We are looking for a Senior Site Reliability Engineer (SRE) with deep experience in deploying, operating, and optimizing Enterprise-Grade Database Clusters and Kubernetes (K8S).
You will play a key role in ensuring the data infrastructure is stable, high-performing, scalable, and proactively monitored through modern observability systems.
Key Responsibilities:
Research, deploy, manage, and optimize database systems (SQL Server, Oracle, MongoDB, MySQL, PostgreSQL, Redis, etc.).
Operate, optimize, and scale Kubernetes clusters.
Set up and manage monitoring & alerting systems such as Prometheus, Alertmanager, Grafana, ELK, etc.
Define and fine-tune metrics, alert thresholds, SLO/SLA, and error budgets for database services and critical infrastructure.
Participate in incident response, conduct root cause analysis, and perform post-mortems to improve system reliability.

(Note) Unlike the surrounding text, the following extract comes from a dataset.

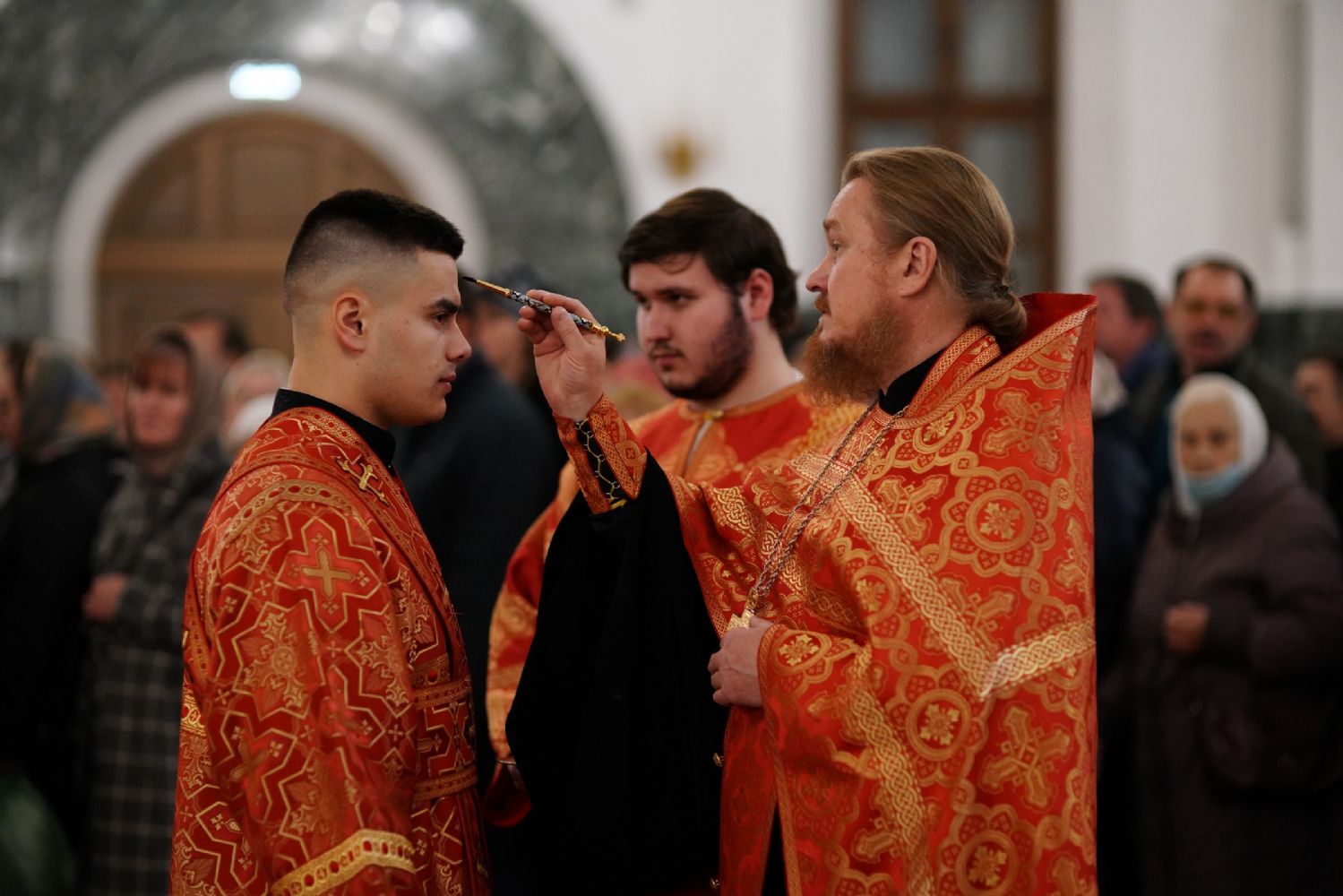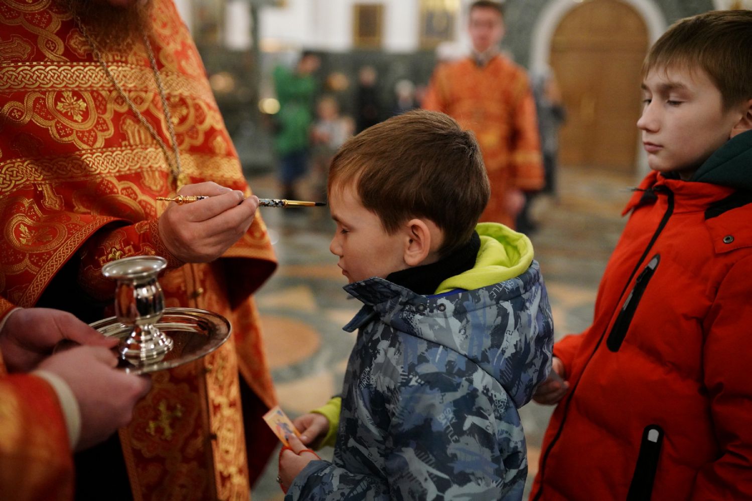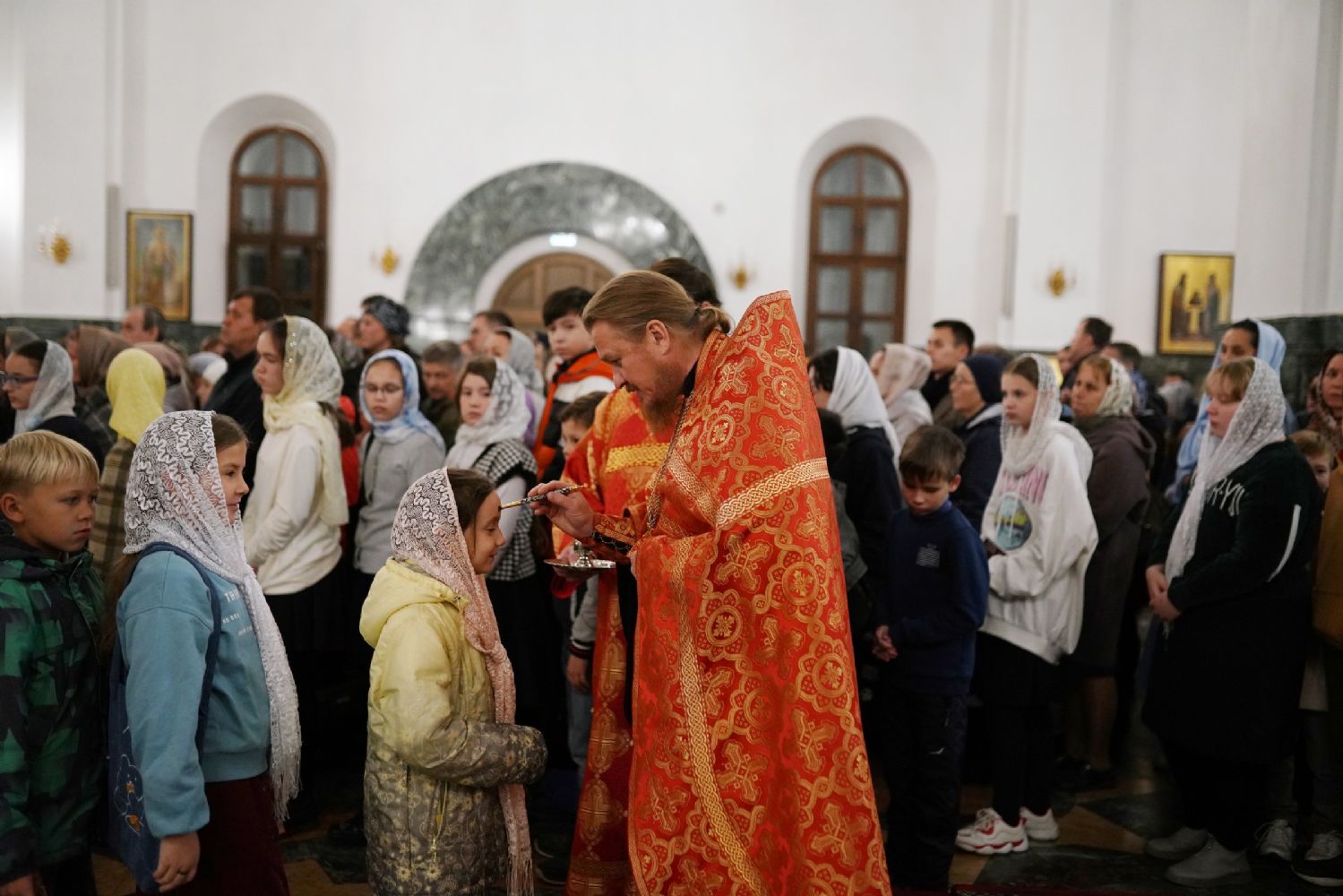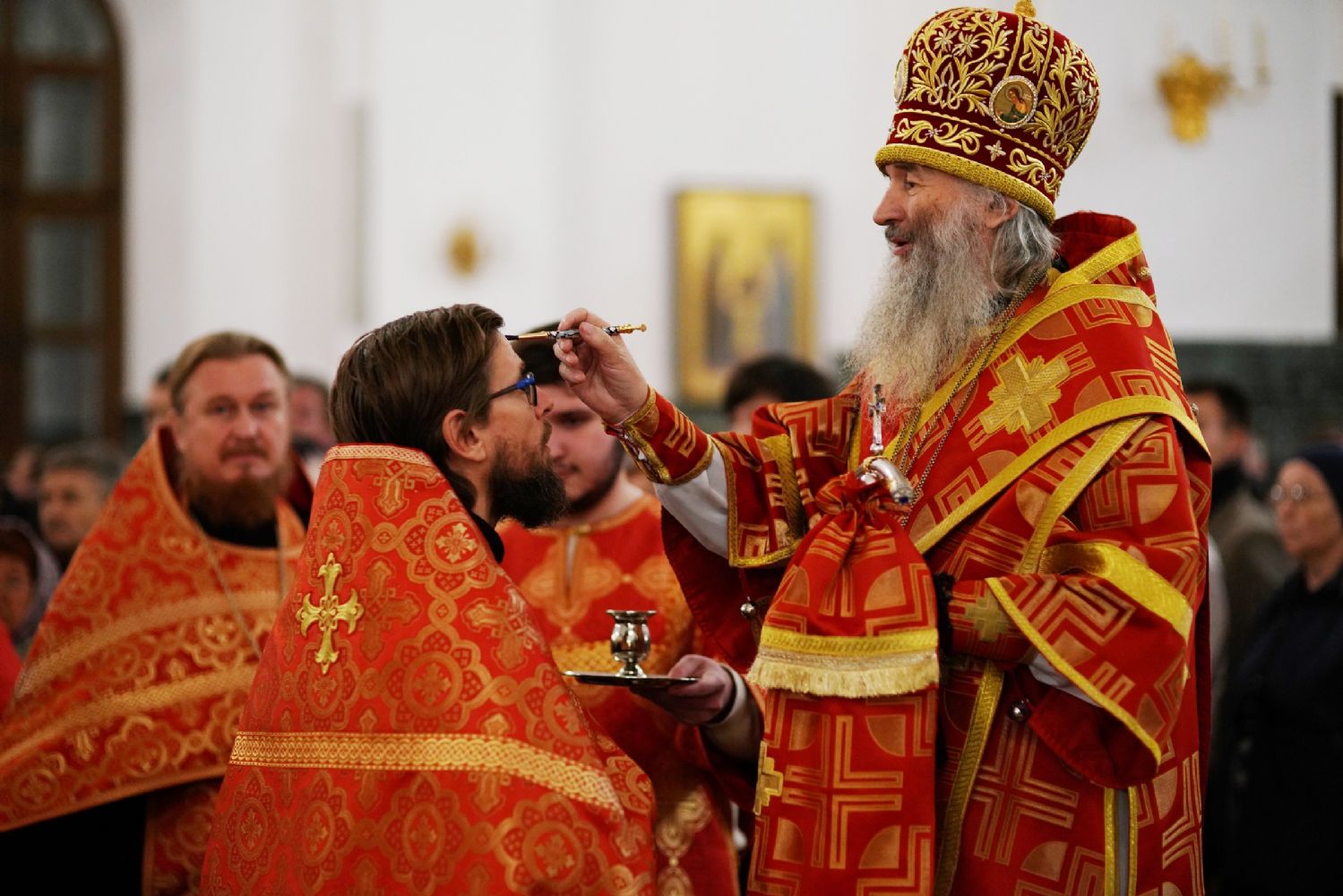 Его Высокопреосвященству сослужили ключарь кафедрального собора протоиерей Сергий Поглазов, клирики собора иереи Никифор Захаров, Евгений Самойлов, Александр Староверов и Иоанн Милютин, диаконы Андрей Дружинин и Артемий Бобоч, а также протодиакон Михаил Козловский. Песнопения антифонно исполняли старший и младший составы детско-юношеского хора «Благовест» под управлением регентов Татьяны Черновой и Софии Андреевой.

Build and standardize runbooks / playbooks / documentation to enable fast and effective response in emergency situations.
Collaborate with development teams to improve database/big data products.
Requirements
Minimum 3 years of experience working as an SRE/DBA/System Engineer.
Proficient in deploying, operating, and optimizing database systems (SQL Server, Oracle, MongoDB, MySQL, PostgreSQL, Redis, etc.) in on-premise or on-cloud environments.
Experience in deploying and operating Kubernetes in on-premise or cloud environments (EKS, GKE, AKS).
Experience in setting up metrics, alert thresholds, and dashboards for database systems and infrastructure.
Ability to be on-call, monitor alerts, and handle or escalate system incidents in a timely manner.
Proficient with monitoring & logging tools such as Prometheus, Alertmanager, Grafana, Loki, ELK Stack,...
Ability to write automation scripts using Python / Bash / Go.
Good knowledge of networking, storage, performance tuning, backup & recovery.
Strong system thinking, proactive in identifying and resolving issues.
Preferred Qualifications
Experience operating Enterprise-grade database clusters such as SQL Server, Oracle, MongoDB Enterprise is a plus.
Experience operating distributed databases or high availability clusters (Patroni, Galera, Sentinel, etc.) is a plus.
Experience with big data systems (Kafka, ClickHouse, Elasticsearch, etc.).
Relevant certifications such as MCSA/MCSE/Azure Database Administrator, Oracle Database (OCA / OCP), MongoDB Certified DBA / Developer, CKA/CKAD, AWS/GCP Certified or other DB Admin Certifications are a plus.